* [REQUIRED WORK]
Set down exactly the lines in the records below that run from the line with "Мировое Древо Иггдрасиль" to the line with "Les Familles Cyrille", inclusive, and nothing more.
*** STORED DATA Section Begins ***
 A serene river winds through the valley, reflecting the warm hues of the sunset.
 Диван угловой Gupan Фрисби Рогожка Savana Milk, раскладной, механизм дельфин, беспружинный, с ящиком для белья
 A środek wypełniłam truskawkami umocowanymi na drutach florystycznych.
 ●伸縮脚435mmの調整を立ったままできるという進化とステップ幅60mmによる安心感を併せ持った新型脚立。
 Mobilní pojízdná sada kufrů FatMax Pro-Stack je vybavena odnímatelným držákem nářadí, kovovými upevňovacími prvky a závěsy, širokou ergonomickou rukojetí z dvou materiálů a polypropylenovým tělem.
*** STORED DATA Section Ends ***
*** STORED DATA Section Begins ***
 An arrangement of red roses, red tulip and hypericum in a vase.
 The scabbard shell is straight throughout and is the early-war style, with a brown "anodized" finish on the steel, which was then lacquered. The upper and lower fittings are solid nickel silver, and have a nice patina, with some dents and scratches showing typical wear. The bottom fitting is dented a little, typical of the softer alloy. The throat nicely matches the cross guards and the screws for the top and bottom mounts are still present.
*** STORED DATA Section Ends ***
*** STORED DATA Section Begins ***
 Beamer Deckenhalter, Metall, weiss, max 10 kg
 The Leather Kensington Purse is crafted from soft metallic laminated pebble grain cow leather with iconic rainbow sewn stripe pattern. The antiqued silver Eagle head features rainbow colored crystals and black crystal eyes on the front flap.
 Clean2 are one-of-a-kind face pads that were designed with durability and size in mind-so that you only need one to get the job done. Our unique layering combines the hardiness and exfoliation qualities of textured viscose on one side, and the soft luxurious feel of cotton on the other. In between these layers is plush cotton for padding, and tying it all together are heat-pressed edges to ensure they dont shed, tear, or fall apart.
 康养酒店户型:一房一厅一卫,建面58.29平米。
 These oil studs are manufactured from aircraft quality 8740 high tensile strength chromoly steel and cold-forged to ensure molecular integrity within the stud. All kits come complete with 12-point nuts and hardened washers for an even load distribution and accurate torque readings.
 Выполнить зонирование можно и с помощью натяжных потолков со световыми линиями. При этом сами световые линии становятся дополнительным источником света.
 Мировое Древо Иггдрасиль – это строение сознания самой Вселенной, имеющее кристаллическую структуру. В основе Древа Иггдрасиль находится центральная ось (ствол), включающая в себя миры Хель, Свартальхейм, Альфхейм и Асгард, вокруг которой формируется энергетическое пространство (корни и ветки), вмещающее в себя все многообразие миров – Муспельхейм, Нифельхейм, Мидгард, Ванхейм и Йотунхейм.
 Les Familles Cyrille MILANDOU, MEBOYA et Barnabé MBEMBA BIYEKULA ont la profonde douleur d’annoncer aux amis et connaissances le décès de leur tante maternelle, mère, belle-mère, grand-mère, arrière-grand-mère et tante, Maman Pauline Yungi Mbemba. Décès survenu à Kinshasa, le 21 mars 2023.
*** STORED DATA Section Ends ***
* [WRITTEN RESPONSE]
 Мировое Древо Иггдрасиль – это строение сознания самой Вселенной, имеющее кристаллическую структуру. В основе Древа Иггдрасиль находится центральная ось (ствол), включающая в себя миры Хель, Свартальхейм, Альфхейм и Асгард, вокруг которой формируется энергетическое пространство (корни и ветки), вмещающее в себя все многообразие миров – Муспельхейм, Нифельхейм, Мидгард, Ванхейм и Йотунхейм.
 Les Familles Cyrille MILANDOU, MEBOYA et Barnabé MBEMBA BIYEKULA ont la profonde douleur d’annoncer aux amis et connaissances le décès de leur tante maternelle, mère, belle-mère, grand-mère, arrière-grand-mère et tante, Maman Pauline Yungi Mbemba. Décès survenu à Kinshasa, le 21 mars 2023.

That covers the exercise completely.